Desvelados alquimistas
verdes, los vegetales descubrieron la fotosíntesis, trasmutaron la luz del sol
en sustancias orgánicas y bli9ndaron con ozono la atmósfera del planeta. Entonces
la mañana fue azul y la tarde naranja.
De manera paralela
a estos procesos de complejidad creciente, habían surgido en los animales unas
células muy despiertas, las neuronas, y con ellas un órgano inédito, el cerebro.

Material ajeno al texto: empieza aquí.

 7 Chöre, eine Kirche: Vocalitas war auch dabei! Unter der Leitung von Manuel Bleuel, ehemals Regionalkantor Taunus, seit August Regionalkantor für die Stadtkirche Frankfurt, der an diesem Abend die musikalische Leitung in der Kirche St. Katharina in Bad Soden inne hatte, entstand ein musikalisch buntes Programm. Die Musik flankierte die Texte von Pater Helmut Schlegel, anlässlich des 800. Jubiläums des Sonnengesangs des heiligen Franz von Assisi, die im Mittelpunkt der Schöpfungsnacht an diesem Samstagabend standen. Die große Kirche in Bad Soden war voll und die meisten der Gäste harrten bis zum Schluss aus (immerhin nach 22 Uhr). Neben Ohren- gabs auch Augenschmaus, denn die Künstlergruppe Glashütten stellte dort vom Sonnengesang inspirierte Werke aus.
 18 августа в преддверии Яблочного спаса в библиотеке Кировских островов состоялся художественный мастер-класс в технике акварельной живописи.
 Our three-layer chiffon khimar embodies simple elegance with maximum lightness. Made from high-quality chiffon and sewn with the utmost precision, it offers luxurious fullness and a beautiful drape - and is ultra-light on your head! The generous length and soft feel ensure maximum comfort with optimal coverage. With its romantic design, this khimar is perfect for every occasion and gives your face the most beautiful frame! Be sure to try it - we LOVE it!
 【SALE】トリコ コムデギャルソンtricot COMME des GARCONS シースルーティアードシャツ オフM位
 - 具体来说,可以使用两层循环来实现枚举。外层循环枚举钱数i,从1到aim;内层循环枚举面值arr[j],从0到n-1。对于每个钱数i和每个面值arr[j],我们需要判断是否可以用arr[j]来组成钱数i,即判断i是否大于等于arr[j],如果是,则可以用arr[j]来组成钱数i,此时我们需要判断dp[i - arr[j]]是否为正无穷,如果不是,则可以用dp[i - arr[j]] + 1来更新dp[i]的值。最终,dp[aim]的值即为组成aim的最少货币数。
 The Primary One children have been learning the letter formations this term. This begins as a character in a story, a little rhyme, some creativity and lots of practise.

Aunque feo, podía coordinar las funciones de los otros órganos, y recordar. Además
de la memoria colectiva, el ADN, ahora los animales tenían una memoria
individual y disponían de una herencia más veloz que la genética, la cultural. Ya
eran posibles el aprendizaje y la enseñanza.
Hace 600 millones
de años nuestros antepasados acuáticos se armaron de esqueleto, aprendieron a
respirar el oxígeno del aire, reptaron por las playas (entonces dominio de los
insectos y los vegetales) y esculpieron un objeto revolucionario, el huevo
amniótico. Antes los huevos eran sólo “yema”, la cuna del embrión; estas
burbujas de gelatina amarilla flotaban en el mar, los ríos o las charcas, que
hacían las veces de la “clara”, que es la despensa donde el embrión toma los
nutrientes que requiere. La genialidad de estos primeros reptiles consistió en
juntar la yema y el mar en un empaque bello, seguro y, aunque hermético,
permeable a los gases, el huevo de cada día. Fue un invento de los que hacen
época: los reptiles no tuvieron que regresar al agua a desovar, y conquistaron
la tierra.
Con el paso del
tiempo, las córneas escamas que estos reptiles habían heredado de sus
antepasados se fueron dulcificando. Unas se volvieron plumas y alzaron el
vuelo. Otras fueron pelo suave y tibio, como incitando caricias. Pájaros y
mamíferos entran en escena (también hubo, claro, líneas de descendientes que no
divergieron tanto de los abuelos reptiles: salamandras, serpientes, tortugas y
los grandes saurios, entre otros. Algunos románticos, como el cocodrilo,
regresaron al agua).
Luego la naturaleza
urdió una nueva memoria, la inmunológica, un sistema de defensa capaz de recordar
por siempre un rostro enemigo, y oponerle su correspondiente anticuerpo.
Los reptiles aún
produjeron dos inventos notables: el diafragma que nos permite respirar sin
afugias y el pene, que hizo del sexo un acto íntimo y mucho más eficaz y placentero
que el frígido desove.
Corrían el millón
230 a.C., la Tierra estaba formada por un sólo continente, Pangea, y un océano,
Panthalasa; las estrellas no tenían nombre y el pecado, sal de la vida, no
existía porque nuestros antepasados eran animales inocentes en cuyo cerebro,
milagro fisiológico, aún no se producía la conciencia, esa operación
metafísica.
Luego los vegetales
inventaron la flor; los minerales, los prismas, y Pangea se fracturó en
continentes que derivaron por la superficie del globo.
Hace dos millones
de años los prehomínidos empezaron a divergir de sus parientes los primates. Como
vivían en los árboles, habían desarrollado visión estereoscópica y manos muy
diestras –prensiles, dotadas de pulgares oponibles a los demás dedos– y
descubiertas las ventajas de amamantar a las crías con jugos de sus propias
entrañas. Una noche el homínido bajó de los árboles, se irguió, vio las
estrellas, una por una… y una vibración anómala estremeció su cerebro. Algo del
animal murió esa noche, y otra entidad, ángel o demonio, ocupó su lugar. Al día
siguiente se despertó con una canción en los labios. Había nacido el lenguaje.
(Como le había
tocado en suerte un aparato fónico muy fino, sus gruñidos tenían muchos
matices. Poseía, pues, un buen léxico. Y de alguna sintáctica y combinatoria
manera aprendió a ordenar esas palabras en series diversas. Con estas frases
nació el lenguaje “fenómeno que precedió
a la aparición del sistema nervioso central propio de la especie humana. El hombre,
pues, es hijo del lenguaje más que este de aquel. Quizá por eso dice Las Escrituras:
“Al principio fue el verbo”).
¿Dotó Dios al
hombre de conciencia para que fuera un digo espectador de la Creación, para que
la cantara en himnos y la cifrara en ecuaciones? ¿O fue el hombre que urdiendo
halagos y oraciones logró esta prebenda? Ni el Diablo lo sabe. Lo cierto es que
este singular bípedo, con tanto de animal y algo de divino, aún no encuentra
acomodo. La Tierra le queda estrecha, y el cielo alto.